このように災害時にも平時にもメリットがある“EVと連携する住宅”ですが、気になるのは建てるコストでしょう。太陽光発電とV2H機器に加え、EVあるいはPHEVとさらに定置型蓄電池を備えるとすると、一般住宅を建てるよりもお金がかかるのではないでしょうか?
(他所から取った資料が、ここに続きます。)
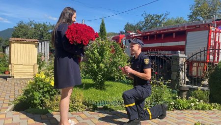 Саме таку пропозицію руки та серця влаштував для своєї коханої, вчительки інформатики Синевирської школи Антоніни Матійчин, камандир відділення державного пожежно-рятувального поста с. Колочава Іван Іваниш.
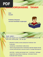 Perhitungan Total populasi (CFU) g-1 tanah kering = (jumlah koloni) x (fp) bk tanah Keterangan: fp = faktor pengenceran pada cawan Petri yang koloninya dihitung bk = berat kering contoh tanah (g) = berat basah x (1 kadar air)
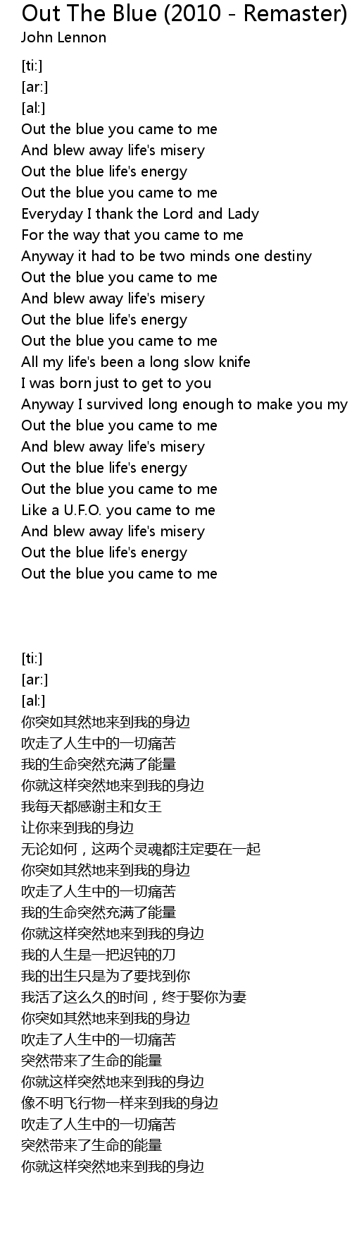 Out the blue you came to me |
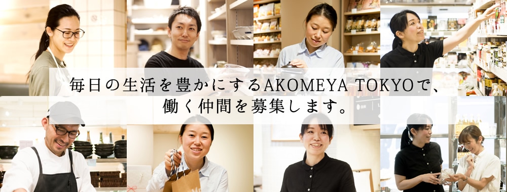 たとえば一口に「醤油」といえど、人それぞれ育った環境や文化によって味わい方は異なります。その異なる味覚・感覚を柔軟にとらえて、お客さまへご提案する。特に、AKOMEYA TOKYOの顔ともいえるお米のコーナーでは、味だけでなく炊き方についてまで、お客さまと意見交換をすることもあります。ただ販売するだけではない、もう一歩踏み込んだ接客を楽しめる空間です。そのため、幅広い年齢・環境の人材を求めています。
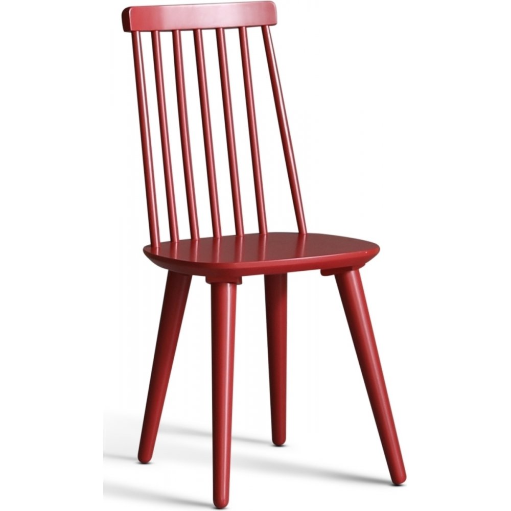 Dalsland matgrupp med stort och bra matbord med toppskiva i oljad ek och vitlackat underrede. Dalsland pinnstolar i en läcker röd lack (RAL3003)

太田さん「省エネ性能や環境性能が一定基準を満たせば、実はランニングコスト(光熱費など)だけでなく、補助金を受けることでイニシャルコスト(購入費用)を下げることが可能です」

高断熱、省エネ、創エネの3点を兼ね備えた住宅は、「ZEH(ゼッチ/ネット・ゼロ・エネルギー・ハウス)」と呼ばれ、条件を満たせば、経済産業省、環境省などが提供する補助金を申請することができます1)

 

〈表〉ZEH関連の補助金額 令和5年度の例(※1)

ZEH 55万円/戸
+蓄電システム:2万円/kWh(※2)
+低炭素化に資する素材を一定量以上使用、または先進的な再エネ熱利用技術を活用する場合、定額加算
ZEH+ 100万円/戸
+蓄電システム:2万円/kWh(※2)
+低炭素化に資する素材を一定量以上使用、または先進的な再エネ熱利用技術を活用する場合、定額加算
次世代ZEH+ 100万円/戸
+蓄電システム:2万円/kWh(※2)
+V2H設備:補助対象経費の1/2 又は75万円のいずれか低い金額を加算 など

※1:予算がなくなり次第、終了。
※2:上限20万円かつ補助対象経費の1/3以内。

 

太田さんZEHは、住宅で使用するエネルギーと太陽光発電などで創るエネルギーをバランスして、1年間で消費するエネルギーの量を実質的にゼロ以下にすることを目指した住宅です。さらに省エネと再エネを掘り下げたZEH+(ゼッチプラス)、次世代ZEH+などもあります。たとえば、ZEH+を建てる場合、国から100万円の補助金を受けることができます。さらにV2Hを設置すると、その機器購入費の半額や工事費にあたる補助金も別の支援事業から支給されます(※)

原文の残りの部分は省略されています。